整天在家裡閒著也是閒著,況且這段日子她真是被秦嶼深給養懶了,她感受到了墮落。
不行,要奮鬥,絕對不能擺爛。
正好從林家順來的東西還沒處理,擱空間裡她看著嫌棄。
黑市的位置她已經知道,摸了進去,不一會兒就賣光了。
別看都是些二手貨,實際上需要的人還是不少,價格也比新的便宜,多的是人搶。
全部賣完,她手裡又多了兩百多塊錢。
可惜忘了將林晚晚手裡戴著的表給順了。
失策失策。
說起林晚晚,林小小還挺好奇她下鄉到哪兒去了。
這個姐姐,古怪多著呢。
別人為了躲下鄉無所不用其極,她倒好,像是鄉下有什麼寶貝似的,工作不要,人也不嫁,巴巴兒的就去了。
京市沒她熟悉的人,也打聽不到什麼消息。
「算了。」要是她倆孽緣不止,總會再見的。
一邊想著,一邊沒有目的的在市里溜達,走著走著,不知不覺就走到郵局門口。
「誒?」林小小眼睛突然睜大。
她揉了揉眼睛,確定自己沒看錯。
帶著一個年輕小伙子從郵局出來的,不是秦嶼深他媽,她那偏心眼婆婆,何夢嗎?
「錢當著你的面寄過去了,事情那就說定了啊,希望你......」何夢高傲地看著面前的小伙子。
耳邊突然響起一道有些熟悉的聲音。
聽著像她那個討人厭的兒媳婦。
怎麼可能,她搖了搖頭,肯定是自己想多了。
於是,她也沒當回事兒,再三跟小伙子叮囑,「該說的不該說的,你心裡......」
「媽!」林小小大聲喊。
分貝高得讓眾人頓足,何夢心臟猛地一縮,捂著胸口惡狠狠地轉過身,盯著林小小,「你是不是有病。」
都走這麼近了,還使勁兒吼。
她又不是聾子。
林小小嘿嘿笑了兩下,「我這不尋思著媽年紀大了,耳朵聽不清嗎?」
何夢很生氣,但還是先把小伙子打發走,「你先走吧。

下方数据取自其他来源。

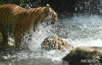 韓国の大部分の地域に猛暑警報が発令された28日、エバーランド(京畿道竜仁市)の「タイガー・バレー」では、チョウセントラが滝で暑さを紛らわせていた。あすは、トラが絶滅の危機にあることをアピールし、保全意..

」
小伙子看了林小小一眼,眼角耷拉著,眼眶還有些微紅,聞言直接轉身離開。
走路的姿勢和步伐,很熟悉。
林小小奇怪地看了何夢一眼,挑眉問,「媽,他是?」
何夢:「關你什麼事兒?」
每次遇到林小小都沒好事兒,她心臟這會兒還在怦怦跳。
也不知道林小小是碰巧遇到她的,還是早就跟著自己了。
要是......
何夢看了林小小一眼,不動聲色地問,「你來郵局幹啥?」
林小小笑著說,「這不是跟著媽來的麼,媽你也走得太快了。」
何夢的心提到了嗓子眼,聲音不自覺放大,「你跟蹤我?」
欣賞著她慌張的神色,林小小眼眸帶笑,許久不說話。
偏偏就是不說話的態度,讓何夢心裡更虛了。
她逐漸確信林小小偷聽到了她說的話,
怎麼辦,怎麼辦。
著急得額頭都開始冒冷汗。
這時,林小小卻突然說,「跟你開玩笑呢,媽你緊張什麼,我經過郵局看到你打個招呼而已。」
提到嗓子眼的心驟然落地,何夢艱難地扯出一個笑。
內心恨不得給她一巴掌。
開玩笑?
她知道她一個玩笑,差點嚇死自己嗎。
林小小假裝苦惱地皺了皺眉,小聲說,「媽,你跟一個年輕小伙子單獨出來逛街,趙軍長知道不?」
還用『你這樣不好』的眼神看著她。
真誠發問。
何夢恨不得一口血吐她臉上,想什麼骯髒的東西呢。
「你想多了,我找他是有事。」
林小小甩了她一個『我懂,我都懂』的表情,「放心吧媽,相比於趙軍長,你才是我親婆婆,我肯定向著你。」
「這事兒我替你瞞著,絕對不走漏一點風聲。」
拍著胸膛保證。
何夢有苦說不出,「真沒......」
林小小打斷她,「不用說了媽,我懂,我還有事兒,先走了啊。」
不等何夢反應過來,騎上自行車,嗖的一下就溜了。
留下何夢站在原地,恨恨咬牙。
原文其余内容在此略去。